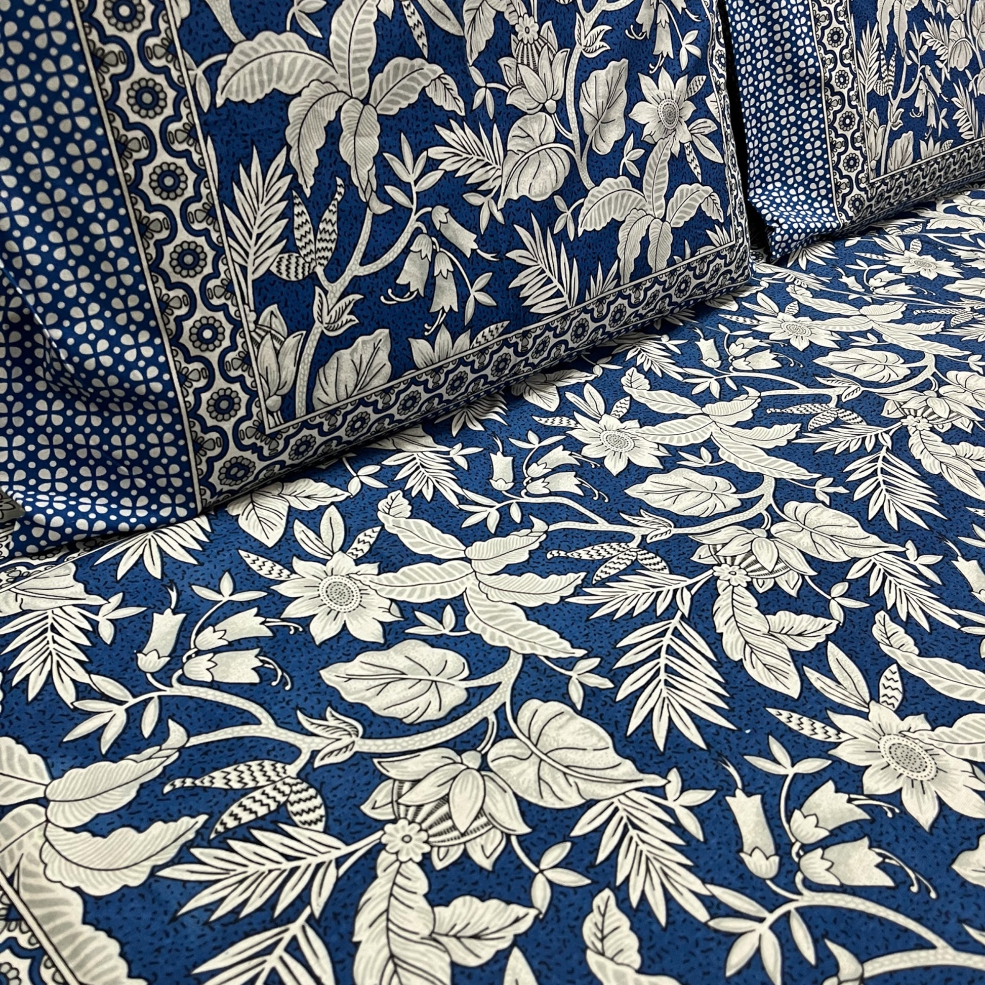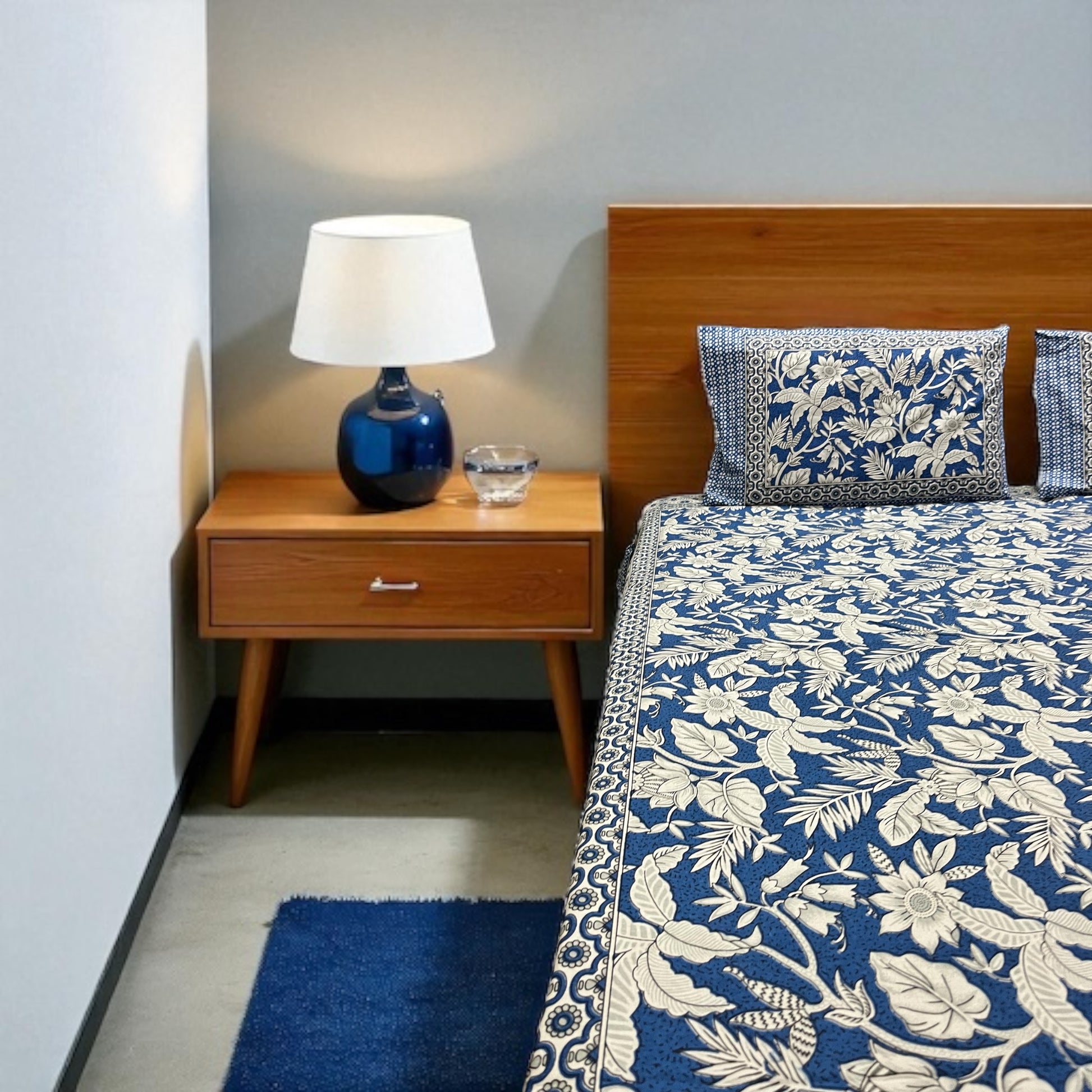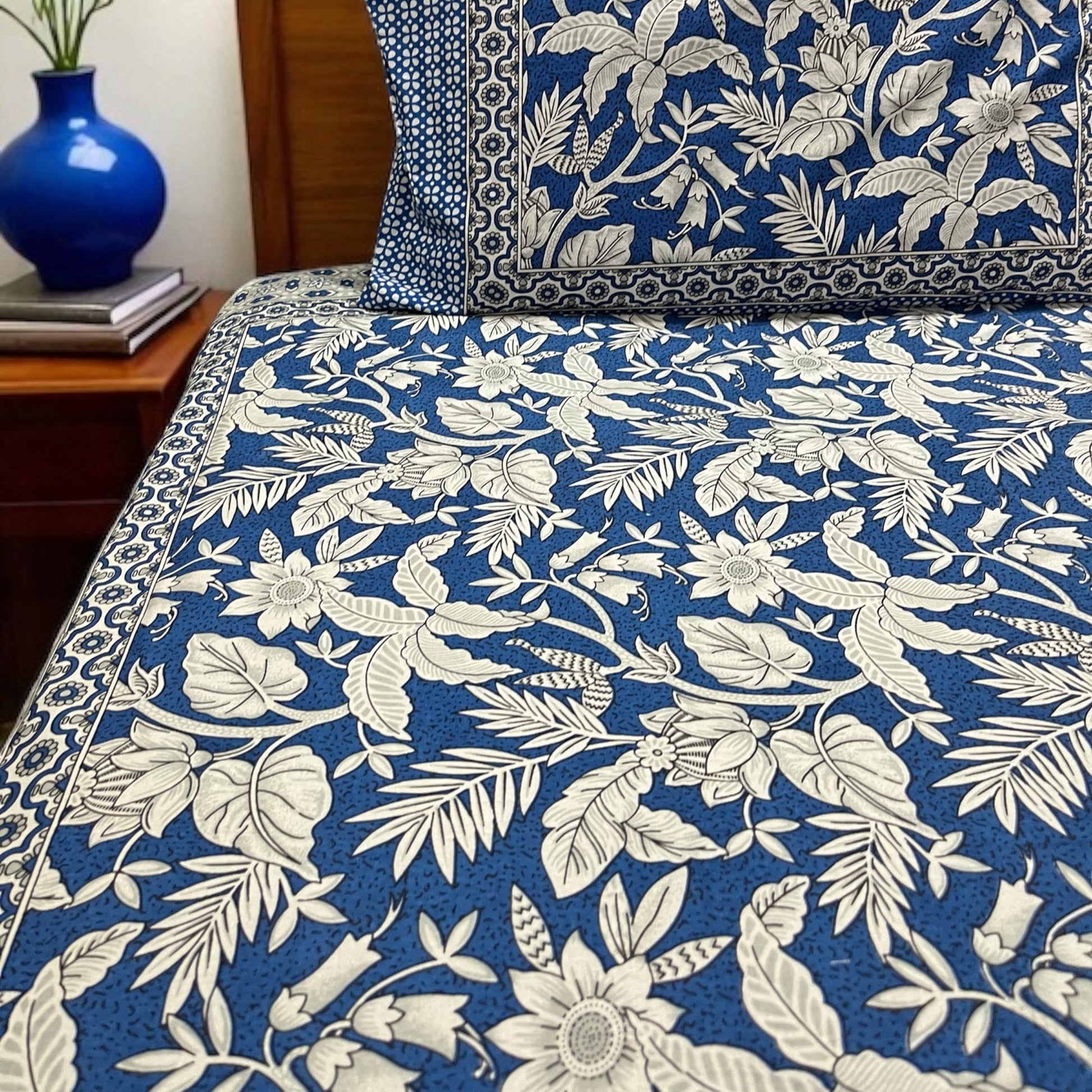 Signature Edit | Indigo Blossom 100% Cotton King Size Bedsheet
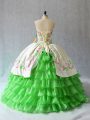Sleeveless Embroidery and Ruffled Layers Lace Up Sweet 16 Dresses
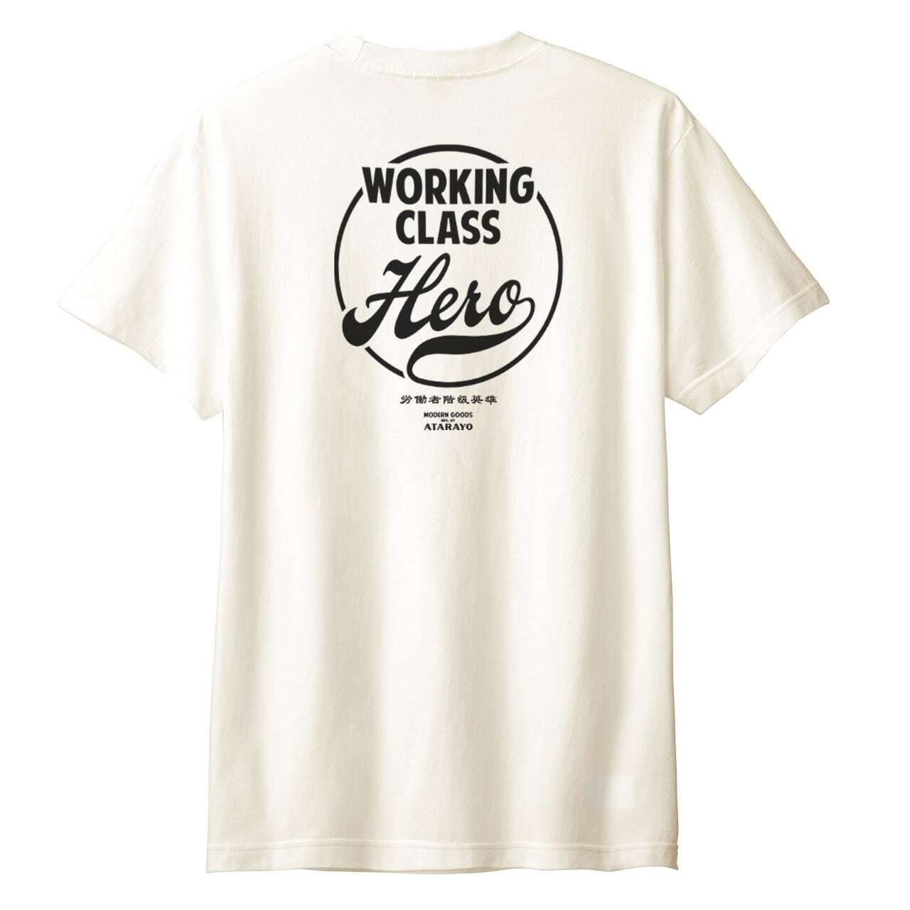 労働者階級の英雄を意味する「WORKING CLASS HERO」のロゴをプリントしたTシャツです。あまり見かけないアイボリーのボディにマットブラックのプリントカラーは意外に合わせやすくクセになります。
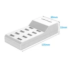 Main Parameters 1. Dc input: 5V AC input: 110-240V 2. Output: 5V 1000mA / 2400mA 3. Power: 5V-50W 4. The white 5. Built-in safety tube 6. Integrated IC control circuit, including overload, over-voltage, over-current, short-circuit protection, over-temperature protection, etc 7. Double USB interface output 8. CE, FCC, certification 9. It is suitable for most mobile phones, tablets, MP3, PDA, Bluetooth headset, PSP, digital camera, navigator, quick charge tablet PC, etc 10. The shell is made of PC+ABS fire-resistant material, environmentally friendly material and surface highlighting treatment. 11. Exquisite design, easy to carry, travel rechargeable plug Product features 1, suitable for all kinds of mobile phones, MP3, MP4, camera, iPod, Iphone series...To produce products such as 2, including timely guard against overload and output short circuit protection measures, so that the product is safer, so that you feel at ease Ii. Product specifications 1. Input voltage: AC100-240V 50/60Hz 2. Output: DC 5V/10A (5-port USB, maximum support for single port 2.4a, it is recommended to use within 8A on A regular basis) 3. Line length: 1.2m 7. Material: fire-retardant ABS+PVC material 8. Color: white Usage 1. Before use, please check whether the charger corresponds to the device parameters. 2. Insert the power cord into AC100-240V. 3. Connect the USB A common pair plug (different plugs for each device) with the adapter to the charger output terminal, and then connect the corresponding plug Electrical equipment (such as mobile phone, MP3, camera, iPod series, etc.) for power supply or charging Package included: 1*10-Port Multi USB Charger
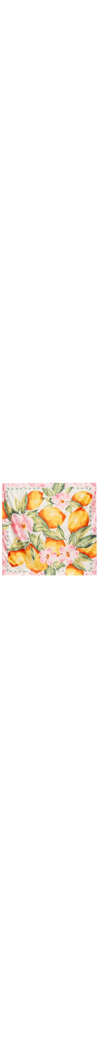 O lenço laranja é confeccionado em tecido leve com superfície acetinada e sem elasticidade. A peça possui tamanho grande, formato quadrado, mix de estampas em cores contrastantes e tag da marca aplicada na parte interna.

> [Problem requirements]
Any picture in the material is to be dropped; the rest is repeated exactly.

> [Response box]
 Signature Edit | Indigo Blossom 100% Cotton King Size Bedsheet
Sleeveless Embroidery and Ruffled Layers Lace Up Sweet 16 Dresses
 労働者階級の英雄を意味する「WORKING CLASS HERO」のロゴをプリントしたTシャツです。あまり見かけないアイボリーのボディにマットブラックのプリントカラーは意外に合わせやすくクセになります。
 Main Parameters 1. Dc input: 5V AC input: 110-240V 2. Output: 5V 1000mA / 2400mA 3. Power: 5V-50W 4. The white 5. Built-in safety tube 6. Integrated IC control circuit, including overload, over-voltage, over-current, short-circuit protection, over-temperature protection, etc 7. Double USB interface output 8. CE, FCC, certification 9. It is suitable for most mobile phones, tablets, MP3, PDA, Bluetooth headset, PSP, digital camera, navigator, quick charge tablet PC, etc 10. The shell is made of PC+ABS fire-resistant material, environmentally friendly material and surface highlighting treatment. 11. Exquisite design, easy to carry, travel rechargeable plug Product features 1, suitable for all kinds of mobile phones, MP3, MP4, camera, iPod, Iphone series...To produce products such as 2, including timely guard against overload and output short circuit protection measures, so that the product is safer, so that you feel at ease Ii. Product specifications 1. Input voltage: AC100-240V 50/60Hz 2. Output: DC 5V/10A (5-port USB, maximum support for single port 2.4a, it is recommended to use within 8A on A regular basis) 3. Line length: 1.2m 7. Material: fire-retardant ABS+PVC material 8. Color: white Usage 1. Before use, please check whether the charger corresponds to the device parameters. 2. Insert the power cord into AC100-240V. 3. Connect the USB A common pair plug (different plugs for each device) with the adapter to the charger output terminal, and then connect the corresponding plug Electrical equipment (such as mobile phone, MP3, camera, iPod series, etc.) for power supply or charging Package included: 1*10-Port Multi USB Charger
 O lenço laranja é confeccionado em tecido leve com superfície acetinada e sem elasticidade. A peça possui tamanho grande, formato quadrado, mix de estampas em cores contrastantes e tag da marca aplicada na parte interna.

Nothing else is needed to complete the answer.